• _Task_
Down to the last line of the listing, starting at the one with "Detail Anting Bulat", retype each line exactly. Do not copy the pictures.

..........

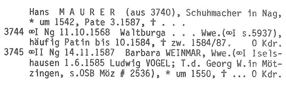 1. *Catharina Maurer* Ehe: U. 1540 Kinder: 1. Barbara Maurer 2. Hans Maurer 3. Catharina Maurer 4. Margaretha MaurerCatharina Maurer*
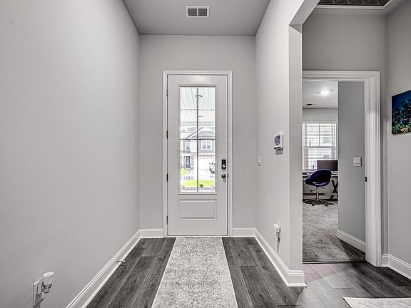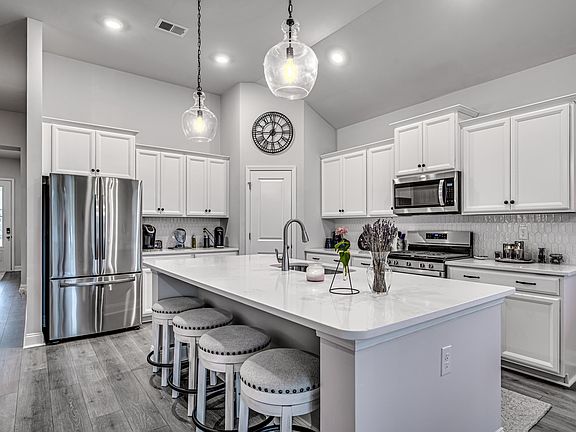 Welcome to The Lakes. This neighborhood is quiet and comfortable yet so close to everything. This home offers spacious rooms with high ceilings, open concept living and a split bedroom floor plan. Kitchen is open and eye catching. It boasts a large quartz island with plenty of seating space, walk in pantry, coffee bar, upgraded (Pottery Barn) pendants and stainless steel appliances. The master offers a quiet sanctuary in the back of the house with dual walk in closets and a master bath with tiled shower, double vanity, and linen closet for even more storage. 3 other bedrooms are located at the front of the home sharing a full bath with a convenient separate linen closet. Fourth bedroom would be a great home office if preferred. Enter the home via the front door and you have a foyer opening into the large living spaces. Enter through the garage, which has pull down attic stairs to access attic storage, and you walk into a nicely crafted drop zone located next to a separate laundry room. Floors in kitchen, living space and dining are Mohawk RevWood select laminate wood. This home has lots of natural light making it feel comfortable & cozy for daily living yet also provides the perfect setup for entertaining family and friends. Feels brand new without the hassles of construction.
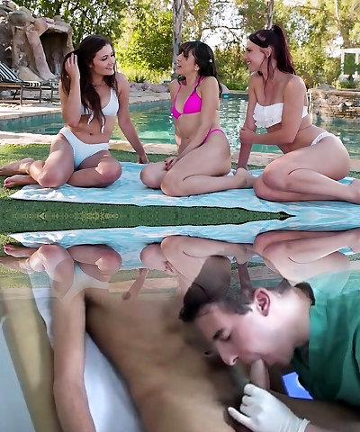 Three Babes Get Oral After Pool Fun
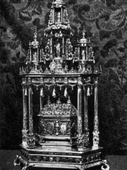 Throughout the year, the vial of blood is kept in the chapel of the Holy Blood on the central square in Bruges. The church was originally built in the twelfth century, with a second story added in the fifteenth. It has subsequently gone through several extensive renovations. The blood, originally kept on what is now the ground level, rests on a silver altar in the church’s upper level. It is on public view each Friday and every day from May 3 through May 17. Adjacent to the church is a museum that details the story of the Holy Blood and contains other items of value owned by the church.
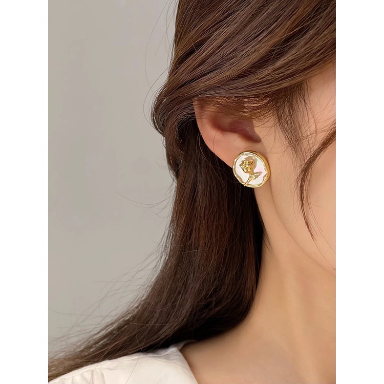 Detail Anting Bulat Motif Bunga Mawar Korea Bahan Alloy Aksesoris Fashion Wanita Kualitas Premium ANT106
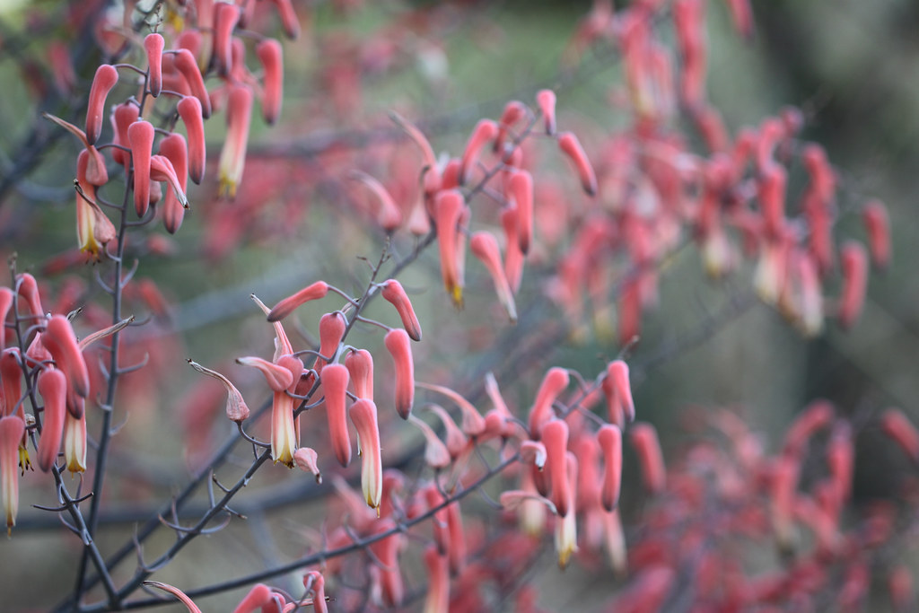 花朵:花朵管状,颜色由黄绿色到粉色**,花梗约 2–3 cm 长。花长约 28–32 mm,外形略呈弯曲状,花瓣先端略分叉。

..........

• _Output_
 Detail Anting Bulat Motif Bunga Mawar Korea Bahan Alloy Aksesoris Fashion Wanita Kualitas Premium ANT106
 花朵:花朵管状,颜色由黄绿色到粉色**,花梗约 2–3 cm 长。花长约 28–32 mm,外形略呈弯曲状,花瓣先端略分叉。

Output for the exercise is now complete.